Up until a few years ago, every talk we gave or paper we wrote began with a defense of microbial culture. Until recently, the human microbiome was considered an unculturable majority which could only be fully profiled via DNA sequencing. Surprisingly, this later claim was not based on any real data (and often an overstatement of the “great plate anomaly” (2) with respect to human microbiota – not that it isn’t an important concept!). But in reality, a quick literature review indicates that faecal microbial communities were being cultured as early as the 1970s (3). For decades, microbiologists have been culturing microbes from human samples that represent most major groups of microbiota. Just imagine a chance to look though Sydney Finegold’s strain collection! Fortunately, the “unculturable mentality” has recently been overcome in the field, and culturing is becoming more commonplace.  One observation from all studies that have properly attempted culturing on human microbiomes is, that regardless of the source, a greater number of organisms are identified using combined culture and sequencing approaches than culture-independent methods.

Many microbial communities are dominated by a handful of abundant strains/species, with a long tail distribution of less abundant microbes. By culturing these communities, we can sequence the genetic content of these microbiomes more evenly, obtaining more complete metagenomic-associated genomes (or MAGs) for less abundant organisms than we can from direct metagenomic sequencing of the community alone. This is important in communities where less abundant organisms are more functionally active then their more abundant counterparts. Culture-enrichment also allows for the in vitro removal of contaminating host DNA which can severely hamper shotgun metagenomic efforts in low biomass human communities.

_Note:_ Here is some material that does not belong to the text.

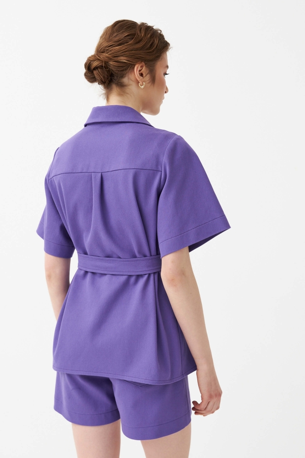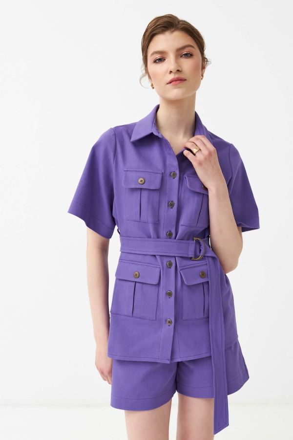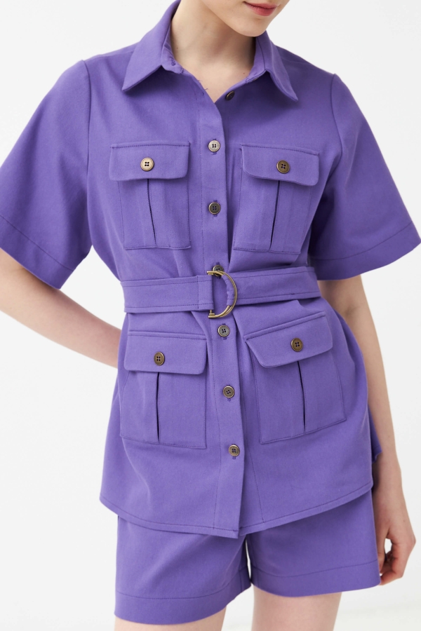 Рубашка из джинсы премиум качества. Рубашка свободного силуэта. По переду накладные карманы со складкой и клапанами, функциональная застежка на петли и пуговицы. Воротник отложной со стойкой. По спинке кокетка со складкой. В комплекте пояс из основной ткани с металлической пряжкой, в боковых швах шлевки.

In our recent study (1), we combine classical, microbiology culture to enrich for the bacterial component of these communities prior to metagenomic sequencing in order to eliminate host DNA contamination. Culture-enrichment “biologically bins” organisms based on their ability to proliferate in a variety of conditions, allowing for improved resolution of the microbiome community. Within, we show that culture-enriched metagenomics results in better taxonomic recovery, more metagenomic bins and MAGs, and better functional annotations when compared to standard, culture-independent metagenomics. Furthermore, we can measure sequence variability within species/strains. While this study demonstrates the power of this approach for respiratory samples from cystic fibrosis (CF) patients with the complication of large amounts of host DNA (and accumulated microbial DNA from dead cells), this approach does provide a greater depth of characterization than culture-independent methods alone for any sample type.  We are applying this general strategy to other host-associated microbiomes and – as with sputum – we get a resolution of community composition much greater than shotgun sequencing alone.  In the context of CF, this resolution of the microbial communities in the airways will help us understand the relationship between these communities and the disease progression which has not been satisfactorily addressed with 16s rRNA profiling (4).

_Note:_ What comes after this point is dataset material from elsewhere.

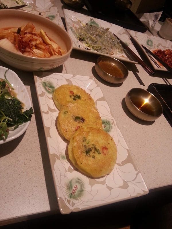 晚上又去吃了……出差就是吃。吃的是韩国的定食。
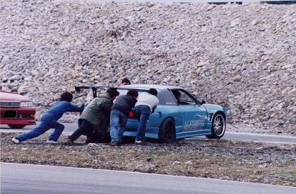 今回は前日まで降ってた雨で朝のうちはウェット路面。結構ウェットは得意だったはずなのになぜか最初2速の逆振りすら上手くいかない・・・。

Of course, one of the real benefits of this strategy is that we have access to the organisms that we sequence. There remains a significant number of genes of unknown function or with only high-level annotation (e.g. no accurate prediction of substrates for many predicted enzymes). There are biochemical treasures to be discovered and with potential therapeutic applications among the unannotated genes. Looking ahead, what is needed for the field of microbiome research to progress is the microbes themselves. In silico predictions from gene homology, or syntenic relationships could be complimented by in vitro experiments.  We feel that this general strategy of culture-enriched metagenomics (coupled with strain isolation, high throughput genome sequencing and phenotyping) can accurate characterize any microbiome – host-associated or environmental.

Finally, there is the aesthetic wonder of microbiology that awaits every morning in incubators and anaerobe chambers, and to the observant scientist, new interactions to be discovered before their eyes.